4) Cave of Forgotten Dreams: The magic and mystery of the cave paintings in Southern France are brought to full glory by Werner Herzog in this 3-D production. We witness by gentle candle light, bison, cave lions, deer, horses and other prehistoric animals dance across the walls in this "Proto-Cinema" (as Herzog laughs). The distinctive hand print signature of the artist is also known but not the reasons for the creation of this wonderful prehistoric "Sistine Chapel". Several additions of how the caves were found (professional "scent" finders), use of prehistoric tools found in the area, and the various theories of h0w such art defines humanity (then and now) make for a mesmerizing experience.

5) Uncle Boonmee who can recall his past lives: I can't even begin to describe this film. Just watch the fantasy unfold and let the images wash over you. Sometimes fascinating, sometimes boring, sometimes funny. The jury at this year's Cannes have certainly picked a challenging Palme D'or winner.

6) Black Swan: A psychological thriller from the same director as the Wrestler, Pi and Requiem for a Dream. It will send a few chills up your spine but somehow, I wasn't as surprised by or even captivated by Natalie Portman's descent into madness. You do marvel at the sadistic nature of the ballet world and incomprehensible body image disorders as well as the athleticism of the art. A fine work but not really sure it is really original.

The sad:
Actually, in every year, this seems to be the category where most of my movies fit. I'll have to make a conscience effort to find a few "lighter" films at next year's festival.

7) Never Let Me Go: Based on the novel of the same name, this is a quiet, understated, poetic and yes, tragic film about facing mortality and examining the relationships which define us. The pacing of the film will certainly challenge some viewers as will the contents of this futuristic story set in a historical setting.
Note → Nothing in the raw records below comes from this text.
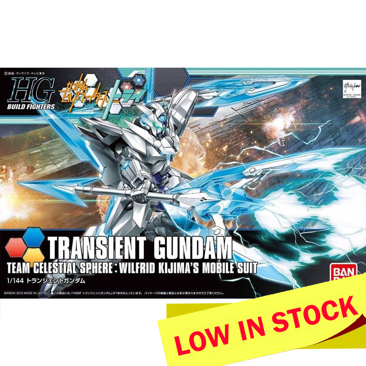 Based on Gundam Build Fighters Honoo, this model kit of Transient Gundam is in 1/144 scale and becomes a fully articulated figure once complete. The model kit includes two giant lances and features a white an blue color scheme.
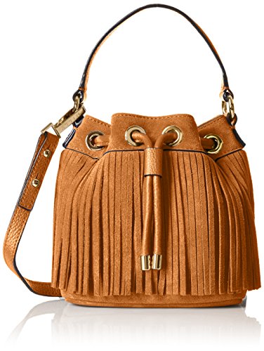 Mini-size bucket bag in allover fringe featuring drawstring closure with large gold-tone grommets and hardware
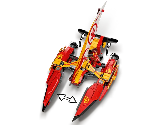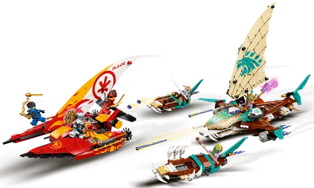 Mit dem LEGO® NINJAGO® Spielset „Duell der Katamarane“ (71748) erwarten Ninja-Fans packende Abenteuer auf hoher See. Einer der beiden enthaltenen Katamarane lässt sich in 3 separate Boote zerteilen. Eines dieser Boote hat ein Minigefängnis an Bord. In dem Set ist alles vorhanden, was Kinder für fantasievolle Abenteuer brauchen.
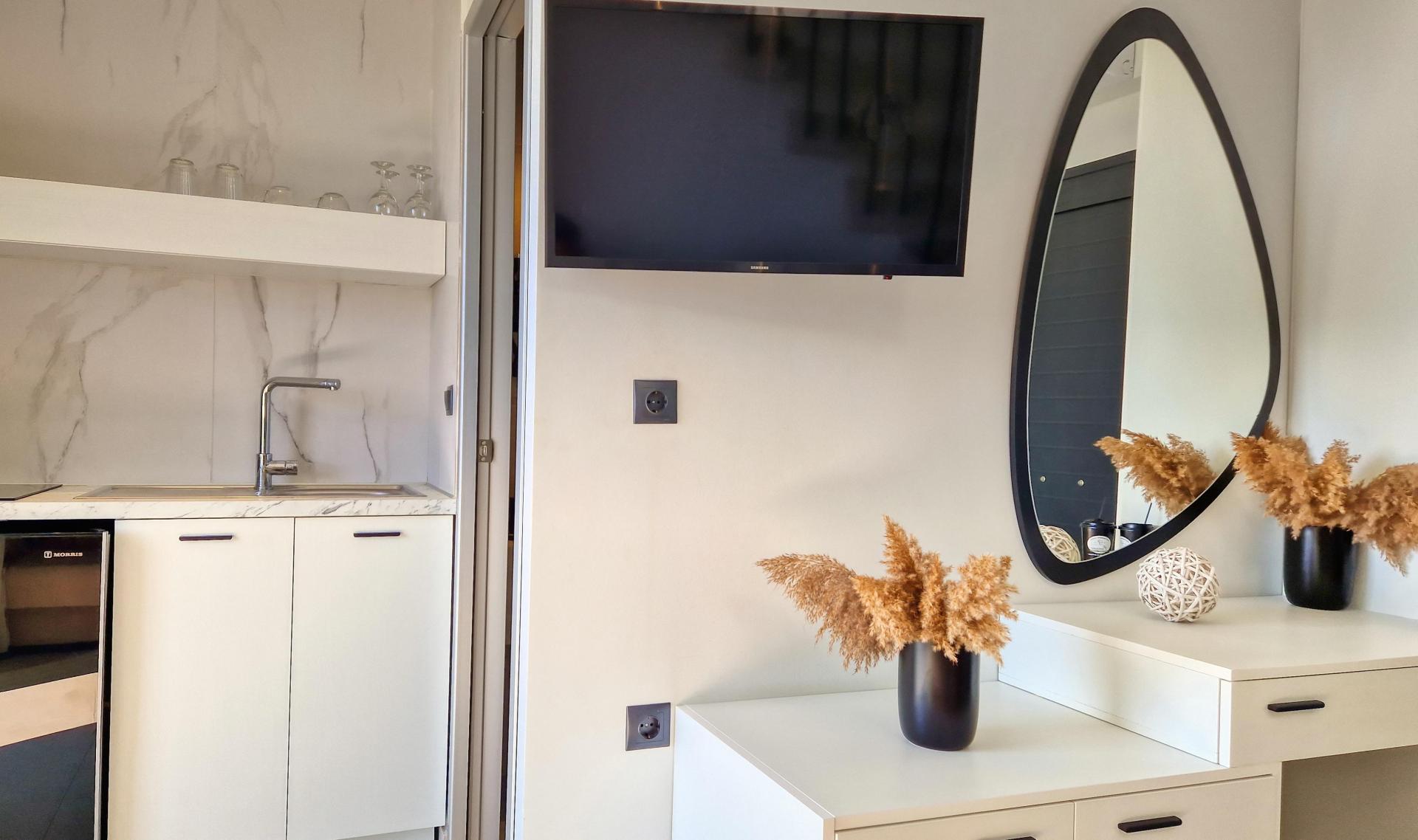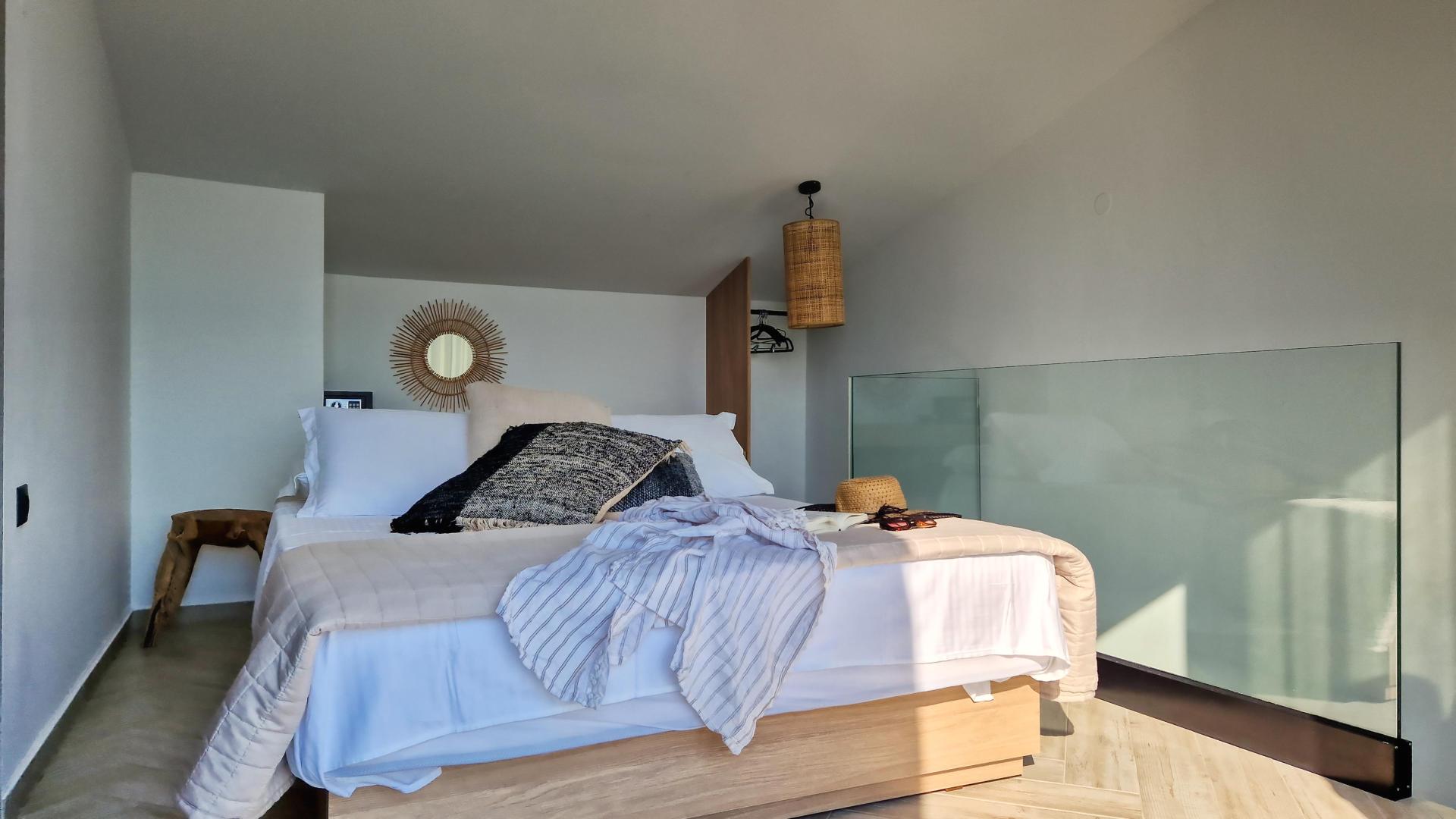 Μοντέρνο με όλες τις ανέσεις διαμέρισμα δύο ορόφων με ξεχωριστό μπάνιο σε κάθε όροφο. Στον επάνω όροφο υπάρχει ένα διπλό κρεβάτι και έχει δικό του μπάνιο, ενώ στο κάτω όροφο υπάρχει καναπές – κρεβάτι καθώς και κουζίνα και μπάνιο. Μια πολύ καλή επιλογή για οικογένεια ή και παρέα μέχρι τέσσερα άτομα.
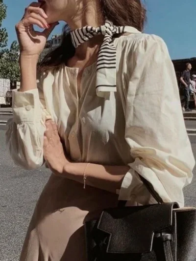 Pair a cream satin blouse with a matching flowing silk scarf.

8) Into the Wind: Basketball star Steve Nash and his cousin Erza Holland made is hour long documentary tribute to Canadian hero Terry Fox. His now legendary run for Cancer in 1980 is chronicled from its anonymous start on the east coast, to the hardships and close call in Quebec, to the rise of Terry's celebrity in Ontario and to its final and tragic conclusion as his osterosarcoma returns. From interviews of family and friends and from his own words (which are revealed for the first time), the all too human side of this Canadian hero is exposed as is his enduring spirit and inspiration to future generations of cancer survivors, Canadians and athletes.

9) Hereafter: Clint Eastwood's European film starts off in Thailand with the all too frightening re-creation of the Tsumani of 2004. Weaving the three stories of three charaters from America, France and Britain, we witness the effects of death and near-death experiences on their lives. The well crafted scene however, fail to generate any emotion from the viewer. As the plot lines dove-tail, the viewer is left feeling ambivalent about what the fate of these characters may be.

10) Rabbit Hole: Based on a play of the same name, this movie is a master class in acting. The movie Nicole Kidman and Aaron Eckhart play a couple trying desperately to move on from a terrible family tragedy. They fight, they struggle, they push each other away, they attend a support group, they attempt a reconciliation, they confront the perpetrator of their tragedy, they are masterful in this very human and very honest portrayal of grieving in all its functional and dysfunctional forms. It wouldn't be surprise if both the leading actors were celebrated during the upcoming award season.

This concludes part one of the TIFF review.